Feminzim'in ve özellikle post-modern feminzm veya daha doğru ifadeyle, postmodernizm ile yine her zamanki gibi strateji, kavram ve şekil değiştiren feminizmin, 21 yy'da ulaştığı noktada en doğru ismi; “Feminazi” kavramı ile karşılanabilmektedir. Feminazi kavramı, her ne kadar bir radyo programındaki bir söylemle ortaya çıksa da aslında, malumun ilanı ve durum tespiti niteliğinde “şok etkisi” yaratan bir kavramdır.
17 yy'dan bu yana, devamlı suretle kavramını (geliştiren değil) değiştiren feminizm bugün; çıkış noktasının çok uzak bir noktasında, tarih boyu hangi fiil, yasa ve sosyal olayı eleştirdi ise kendine bunları mübah gören bir hale gelmiştir.

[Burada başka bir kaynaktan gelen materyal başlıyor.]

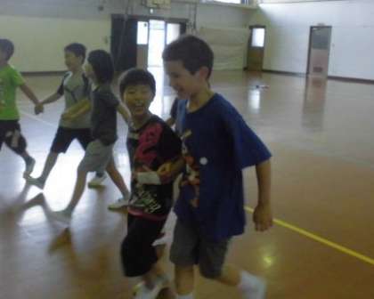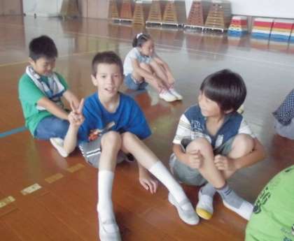 すっかり打ち解けて仲良くなったお友達と,最後の遊びを楽しみました。
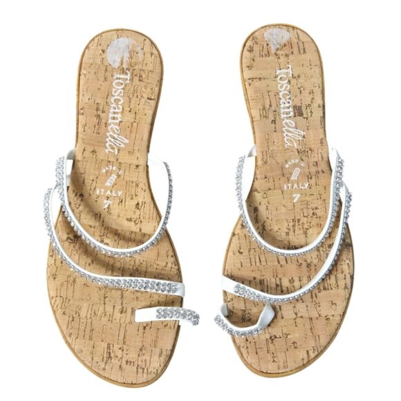Toscanella Womens Slip On Sandals Size 7 Summer Glitter Neutral Glam Sparkly
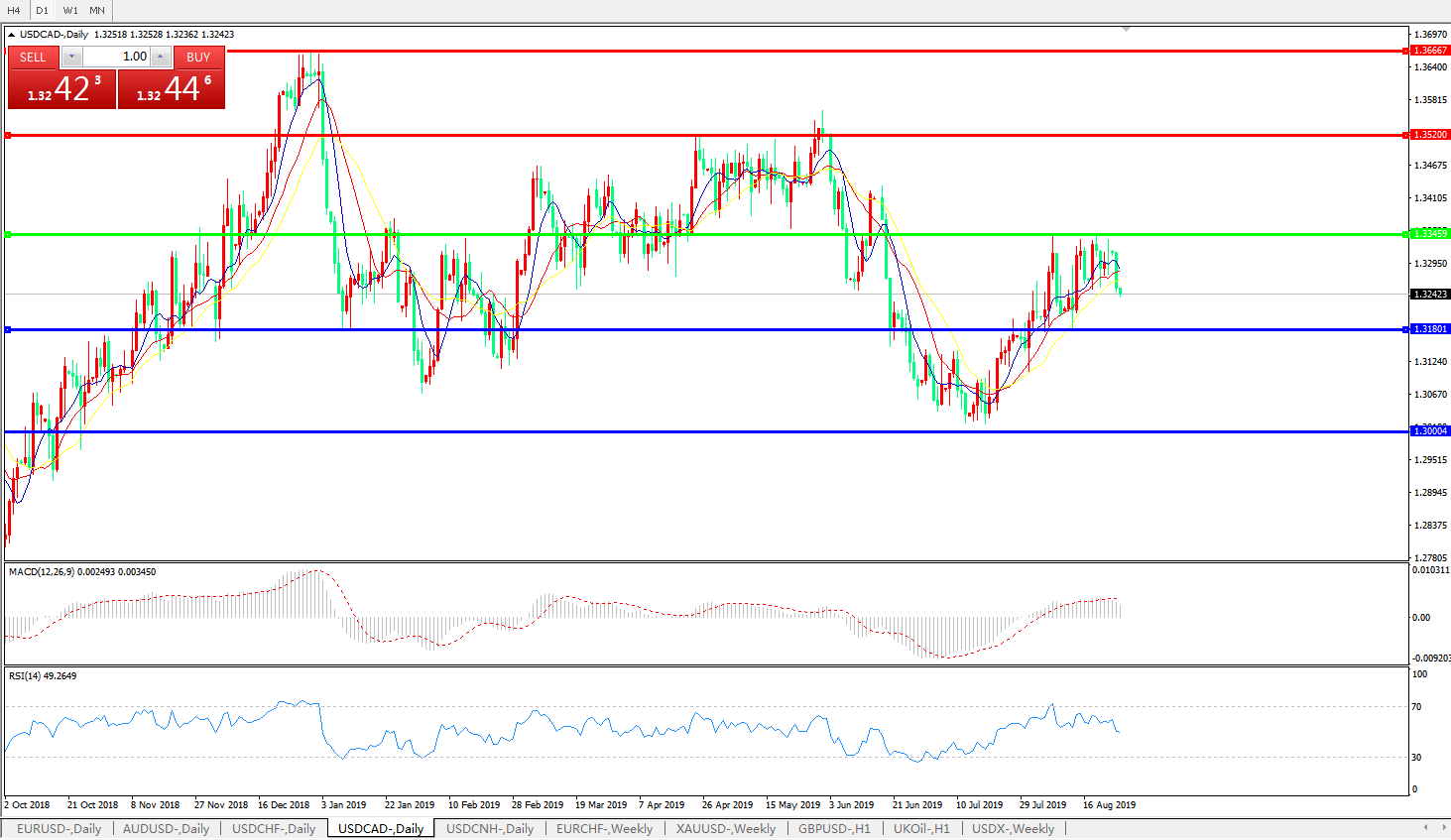 美元兑加元USDCAD    日线

Aktivizm adı altında “anarşizme”, tekamül/şartları olgunlaştırarak amaca ilerlemeden “devrimciliğe”, ayrımcılık karşıtlığından “ayrımcılık savunuculuğuna”, tüm algıları ortadan kaldırma ülküsünden “algı yönetimine”, şiddet karşıtlığından “tek yol şiddet” söylemlerine evrilen feministler neticede, feminizmi nazi yöntemleri ile bir araya getirmişlerdir.
“Kadın Erkek Eşitliği” söylemini bir kenara atıp, “erkeksiz bir hayat” ideasını kendine amaç edinen feminzmin bu iddialı tutumu, hayalperest/duygusal olduğu kadar, aynı duygusallık oranında saldıgan ve deviren, yıkıp geçen bir devrimciliği doğrumuştur.
Düne kadar cinsiyet eşitliğini nihai hedef olarak gören feminist hareket bugün, cinsiyeti ortadan kaldırarak “erkeksiz dünya” amacına, bu noktadan başlamıştır.
Feminist ideologlar ve onların etkisinde kalan hatta kaldığını dahi bilmeyen bir çok düşünür, cinsellik, cinsel kimlik ve cinsiyet kimliği gibi kavramlar türeterek, “insan cinsi”ni yeniden ama kendilerien göre fakat ne olursa olsun amaca uygun şekilde tanımlamaya kalkmışlardır.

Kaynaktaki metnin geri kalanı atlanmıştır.